Analytics vendors like the commercial potential of R. Teradata is set to become the latest to make a play for users of this popular open-source tool.

Teradata will join the growing list of analytics vendors offering software based on the R programming language

with a new interface for its Aster database.

Teradata Aster R, to be released by the end of this year, will enable customers to use the R language to access and run jobs against data in the Aster database. It will be free for Aster customers.

The new software will integrate with Aster through Teradata's SNAP Framework, which already supports other query languages like SQL and MapReduce.

With the announcement, Teradata joins other vendors such as IBM SPSS, Oracle, SAS and StatSoft, which have all released their own interpretations of the open-source R programming language. These commercial versions must solve two inherent problems with open-source R. First, R runs on a single computer, so it is limited by that machine's processing power and can lead to long job times. Second, it processes jobs in-memory, so it can only handle small data volumes.

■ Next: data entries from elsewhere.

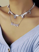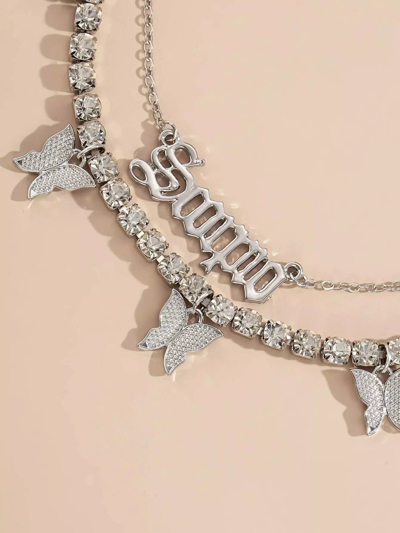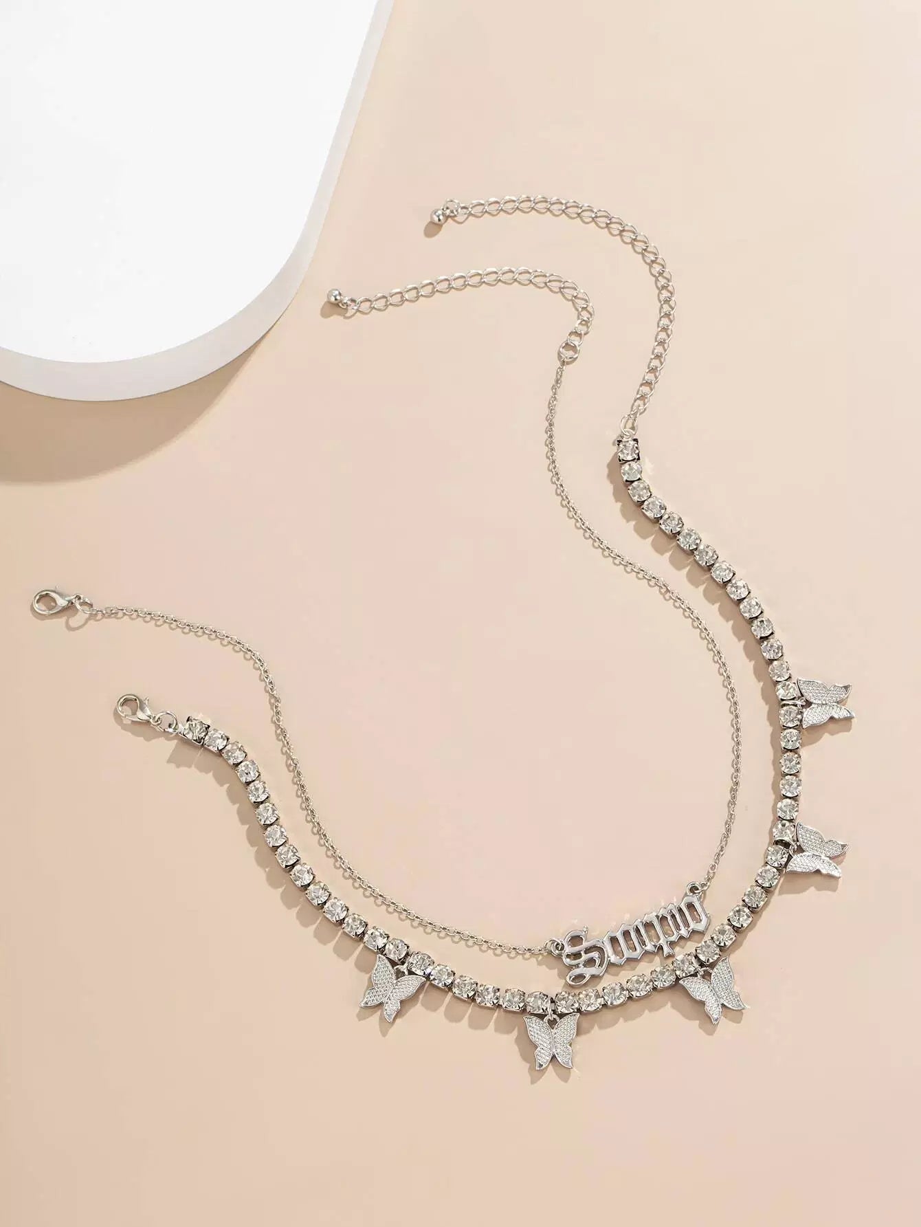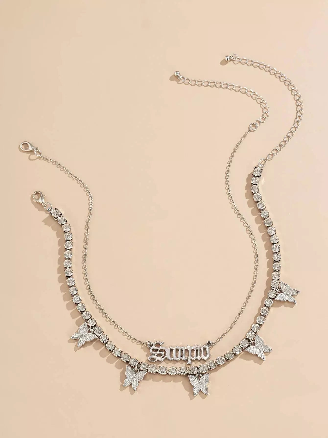 عقد مكون من قطعتين على شكل فراشة وحرف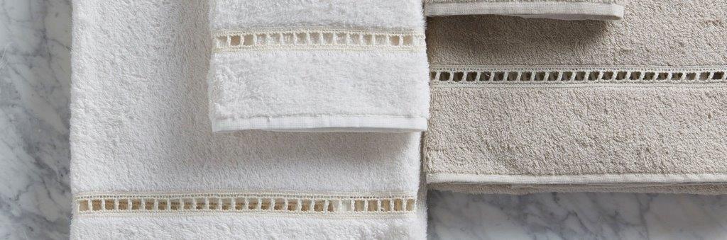 Regala o regalati morbidissimi asciugamani in spugna di puro cotone. In tinta unita semplice, con ricami, pizzi o bordi applicati.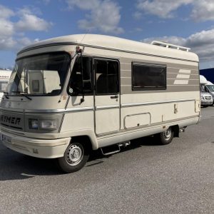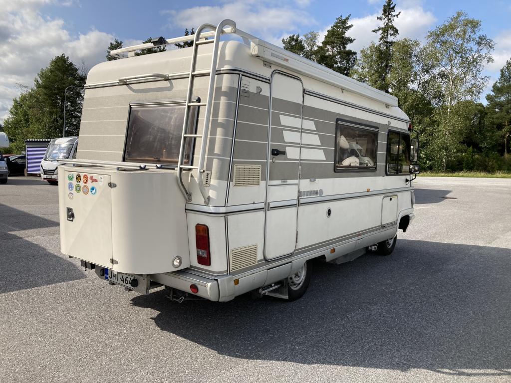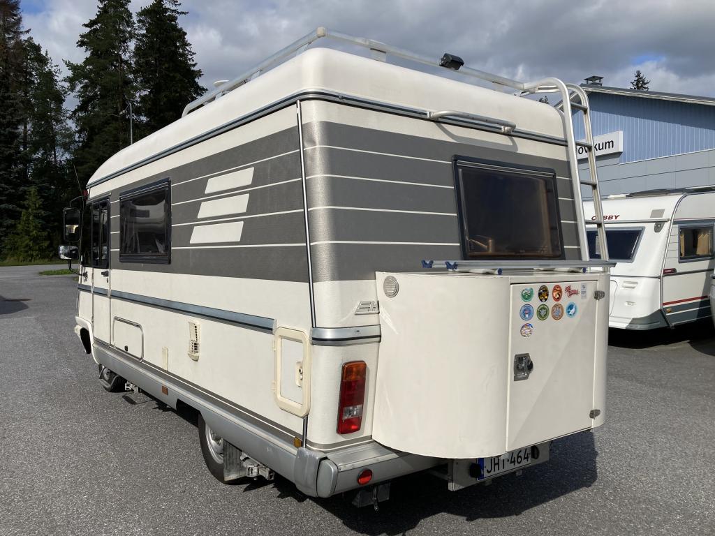 7:lle ja ohjaamon päällä alaslaskettava parivuode. Takavetoinen automaatti Mese alustana.

Teradata Aster R solves these problems by processing jobs across a distributed database setup. This enhances processing power and removes limits on data volume. This processing happens in-database, rather than in-memory.

Arlene Zaima, a Teradata product marketing manager, said the company took on R because there are so many users. It is one of the primary programming languages statisticians and data scientists learn in school, so there is a large community of users. A recent survey from an online data science community showed that R is the second-most commonly used analytics tool, behind only software from Cambridge Massachusetts-based vendor RapidMiner. A total of 38.5% of the 3,000 data scientists who responded said they use R.

Additionally, Zaima said Teradata was seeing existing customers using open-source R in commercial applications at small scales.

"We're seeing great adoption of open-source R but we all understand that it was designed essentially for research in academia where they're not processing massive amounts of data like we are in the business world," Zaima said.